Integration with ruleset definitions
Section titled “Integration with ruleset definitions”The analyzer reads dice notation directly from the ruleset’s formulas and abilities. When you run an analysis, you pick a source — a specific formula, a specific ability’s damage, or a custom pool you enter manually — and the analyzer uses the dice notation from that source as the pool definition.

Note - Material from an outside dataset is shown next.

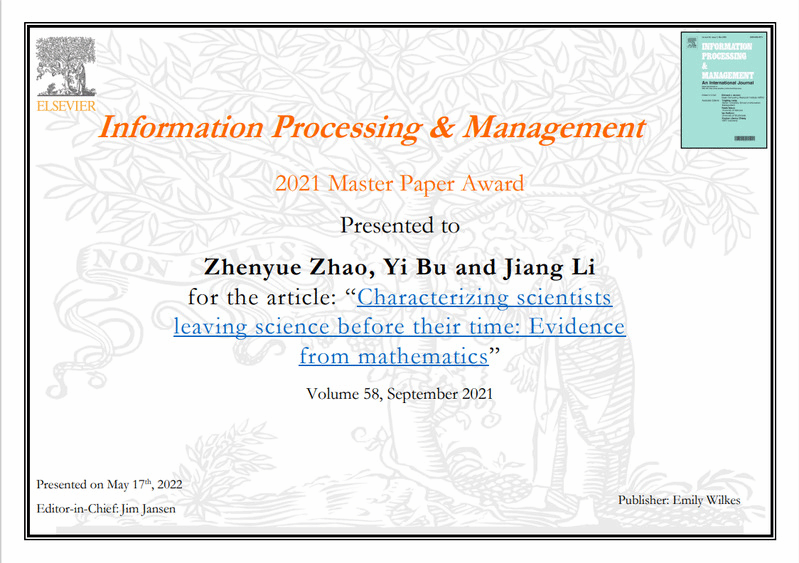 硕士研究生赵镇岳作为第一作者的论文“Characterizing scientists leaving science before their time: Evidence from mathematics”获得期刊Information Processing & Management颁发的2021年度Master Paper Award(最佳硕士生论文奖)。该论文通讯作者为91暗网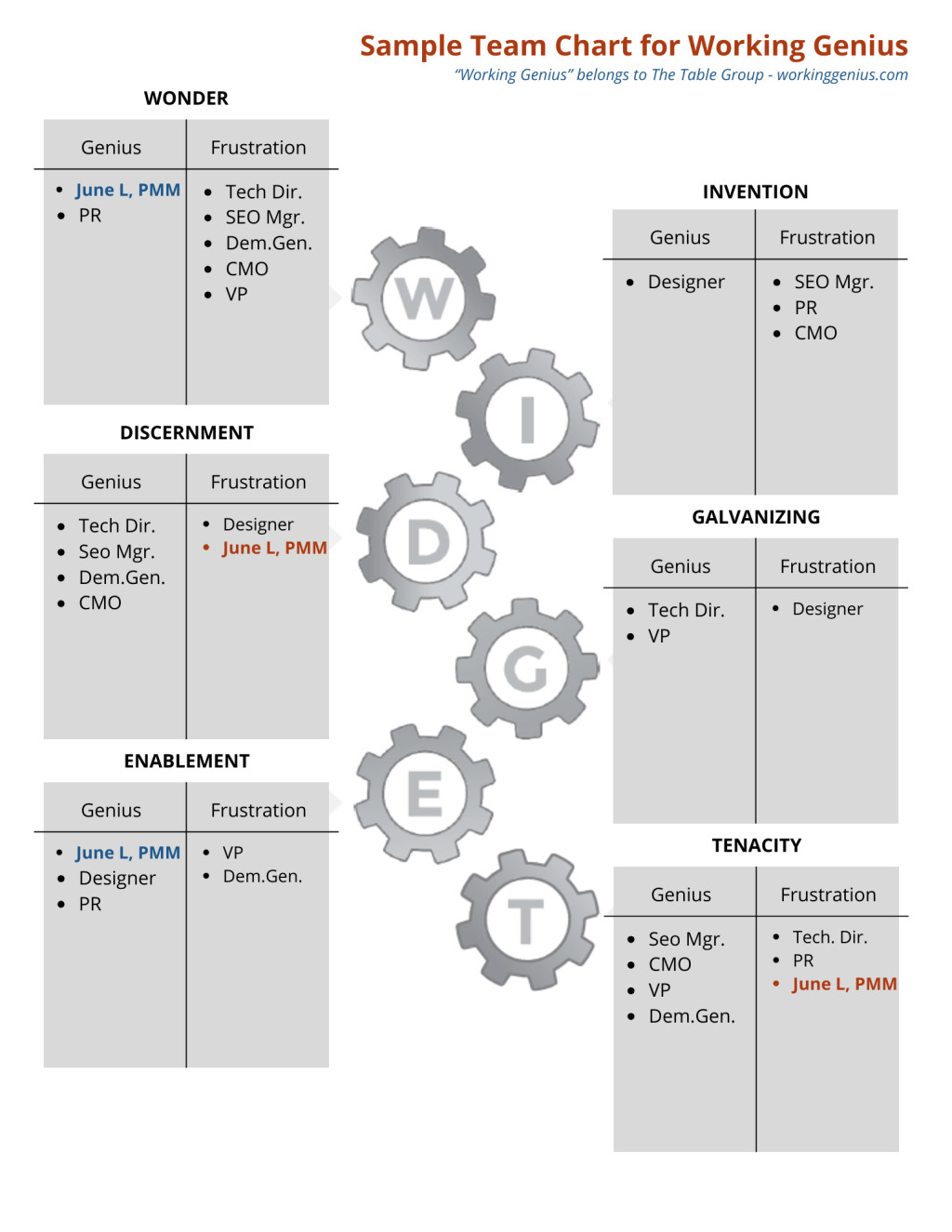 Here’s a sample team chart that The Working Genius gives your team once everyone completes the assessment. I’ve obviously removed the names of my teammates and used a generic title similar to their roles and flip-flopped some of their data just to protect them. The gist is the same though.

This matters because it keeps the analysis tied to the canonical system. If you later change the Fireball ability to do 4d6 instead of 3d6 damage, running the analyzer on Fireball uses the new notation automatically. You don’t have to re-enter the pool or remember the old values. The analysis reflects the current ruleset.
Use cases
Section titled “Use cases”A handful of things the analyzer is actually useful for:
Balance checking during system design. You just designed a new ability. You want to know whether it’s over-tuned or under-tuned at different character levels. Run a power curve on the ability’s attack roll across pool sizes matching your expected level progression and see whether the curve hits the sweet spot (roughly 60-70% against appropriate-difficulty DCs) at each level.
Sanity-checking scenes during drafting. You’re writing a combat scene. The protagonist rolls 2d6+4 against a DC 15 target and misses. Is that plausible? Run a single-pool analysis on 2d6+4 and see — if the chance of hitting 15 is 8%, a miss is entirely plausible. If the chance is 92%, your scene needs to acknowledge that the miss was unusually unlucky.

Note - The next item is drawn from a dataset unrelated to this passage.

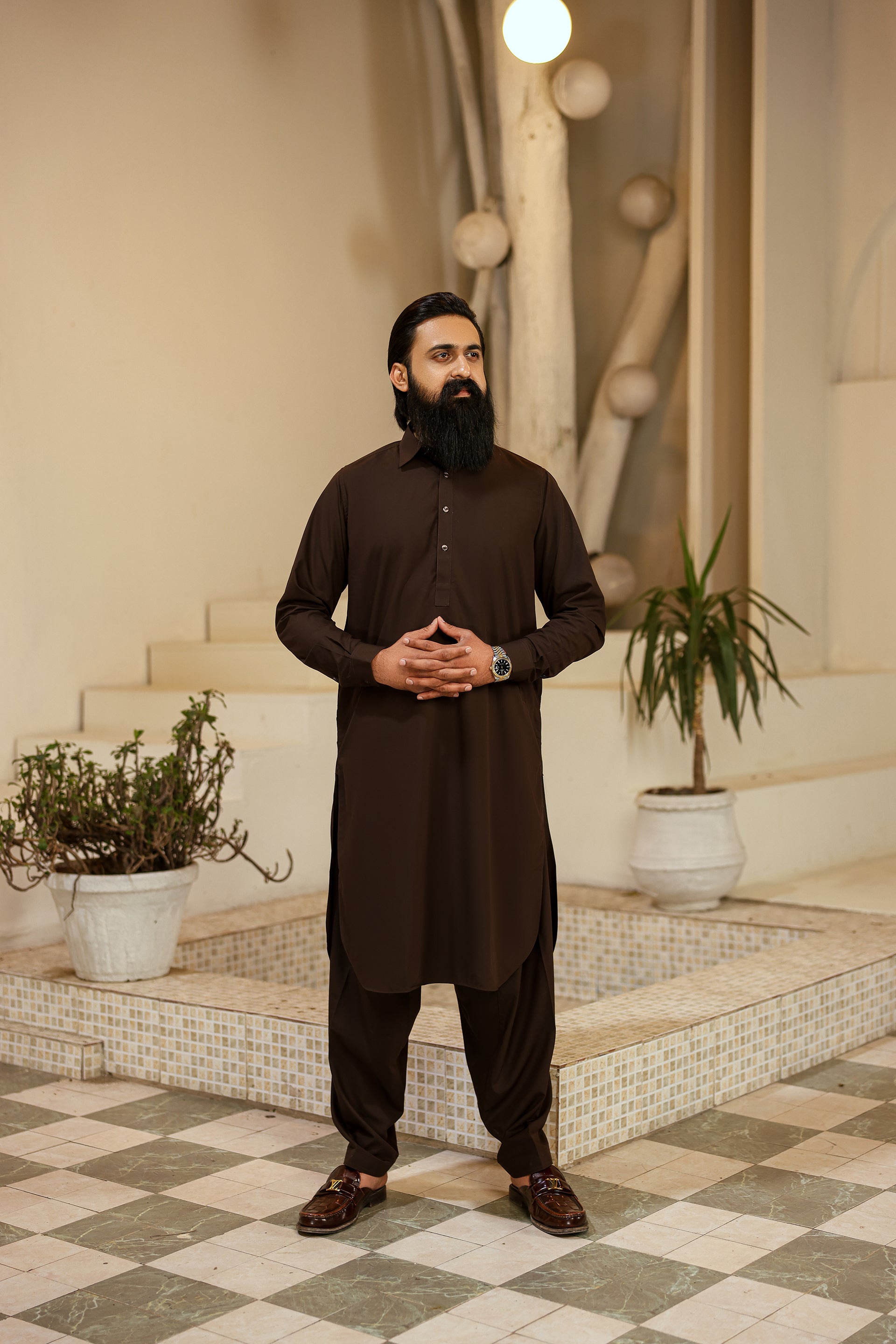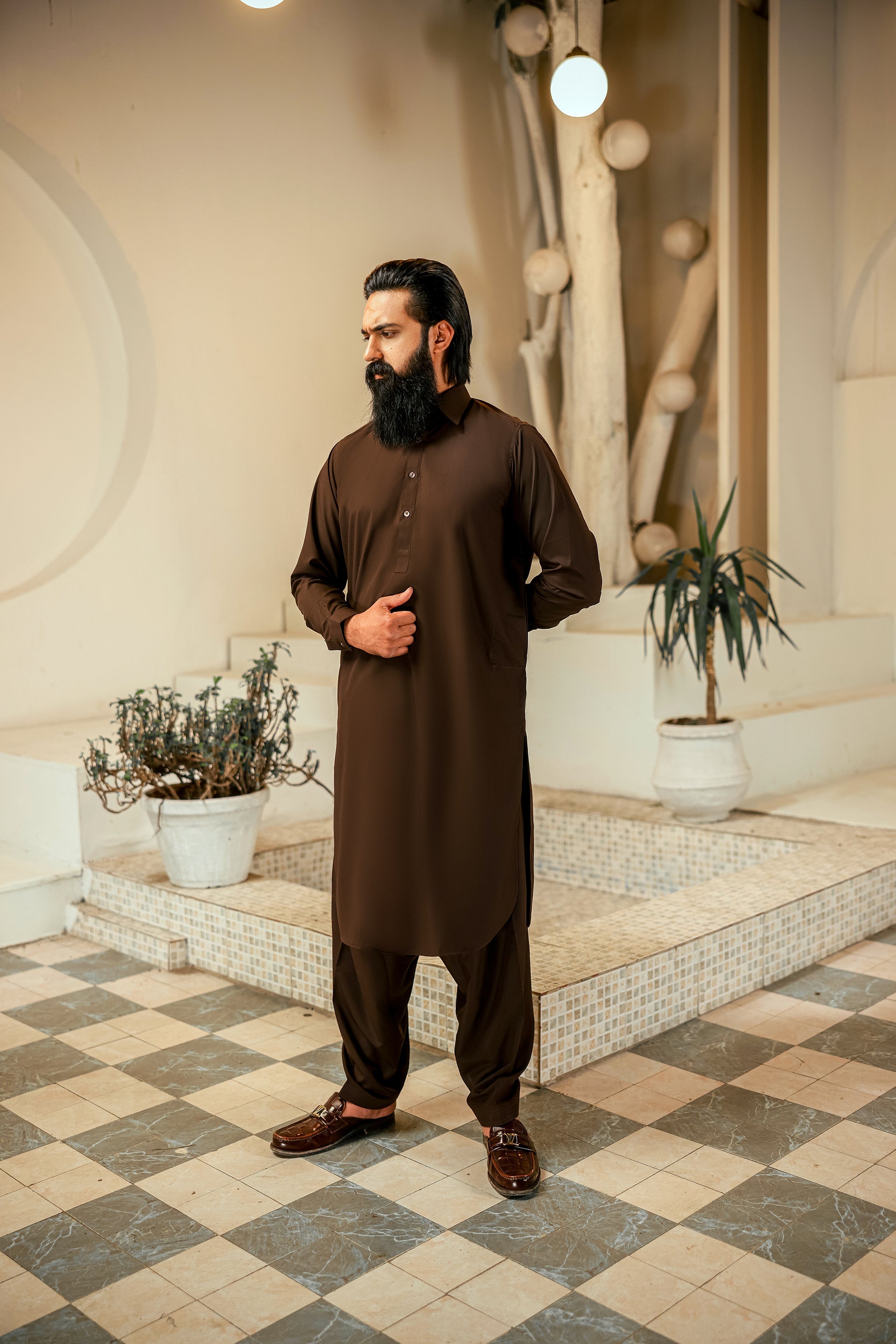 A refined shalwar kameez crafted from premium fabric, featuring a classic straight cut with a sleek buttoned placket and full sleeves — perfect for an elegant traditional look.

Opposed-roll dramatic tension. A crucial fight between two characters. You want to know the dramatic weight — is one character obviously favored, or is it actually a coin flip? Run an opposed-roll analysis with their pools and the chart tells you.
Playtesting replacement. You’re designing a TTRPG system and you haven’t playtested yet. Power curves and opposed-roll analysis give you a preliminary sense of whether the math works before anyone rolls a real die.

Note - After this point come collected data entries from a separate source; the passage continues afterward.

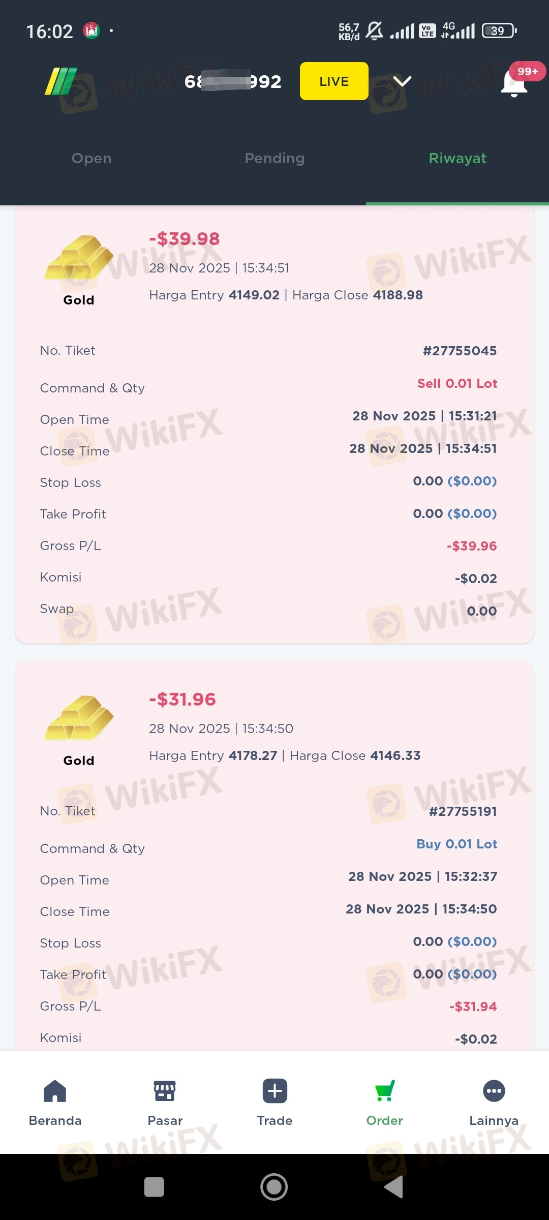 Untuk yang mau pakai broker ini, pikir lagi deh, saya entry berapa yang masuk berapa, tiba tiba autocut wkwkwkwkwk cari yang memang terpercaya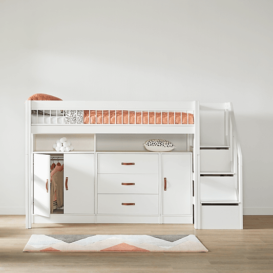 The staircase can be placed on both the left and right sides of the bed, giving you more options when decorating your child's room.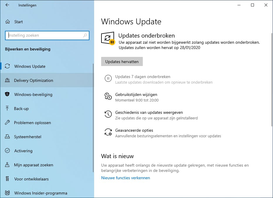 Houd je liever meer greep op het updateproces, dan kun je het updateproces tot vijf weken uitstellen. Je hoeft bij Windows Update alleen maar te klikken op Updates 7 dagen onderbreken. Met Updates hervatten hef je deze onderbreking op.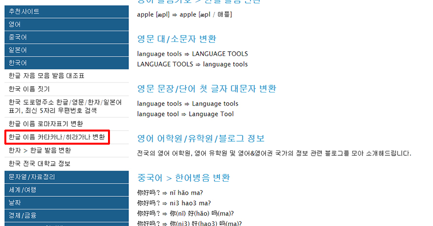 눌러보면 메뉴가 확장되면서 몇가지 항목들이 나오는데요. 이곳에서 선택할 수 있는 것들 중 한글 이름 카타카나/히라가나 변환이라는 것을 클릭하여 들어가주세요.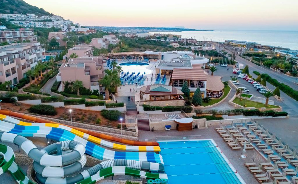 Hotel InformationThe Grand Hotel Holiday Resort sits on a peaceful hillside between the bustling resorts of Hersonissos and Stalis. Guests will appreciate the excellent pool areas, ranging from an action-packed waterpark suited to families, to a more chilled out adults only relaxation pool for couples looking to get away from it all. There’s something for everyone here including a number of restaurants serving up sumptuous buffets and à la carte specialities and a variety of rooms to suit all party sizes too.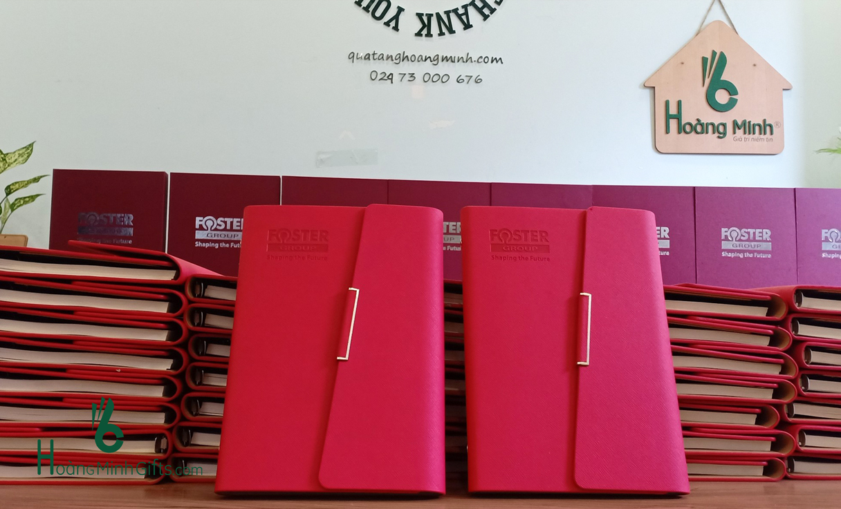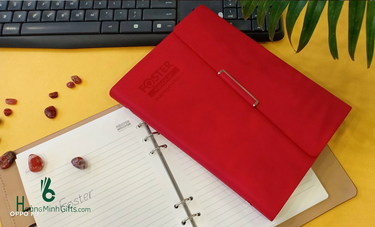 - Sổ bìa da A5 gáy còng, bìa sổ làm từ chất liệu simili cao cấp, in/ép/dập logo theo yêu cầu, còng sổ 6 khoen, ruột sổ 180 trang in ấn theo yêu cầu

What the analyzer can’t do
Section titled “What the analyzer can’t do”A few deliberate limits:
- No narrative modeling. The analyzer operates on raw probability, not on how rolls feel during play. A roll that’s statistically reasonable may still feel bad at the table because of pacing, expectations, or prior rolls. The analyzer can’t tell you how a roll feels.
- No character-level simulation. It analyzes individual rolls, not full combat encounters. If you want to know “how long will a fight between a level 5 wizard and a level 5 fighter last,” that’s a different tool — the analyzer only covers single-roll math.
- No homebrew dice. The engine supports standard polyhedral notation (d4, d6, d8, d10, d12, d20, d100) and Fate dice (dF). If your system uses something more exotic — a custom card deck, a random table lookup, a qualitative resolution mechanic — the analyzer can’t help. You’d need to fall back on Monte Carlo simulation outside the module.
- No gameplay branching. A roll that triggers a reroll that triggers another effect can be hard to model exactly. The engine handles basic reroll and exploding dice, but deeply branching mechanics may require Monte Carlo fallback or manual analysis.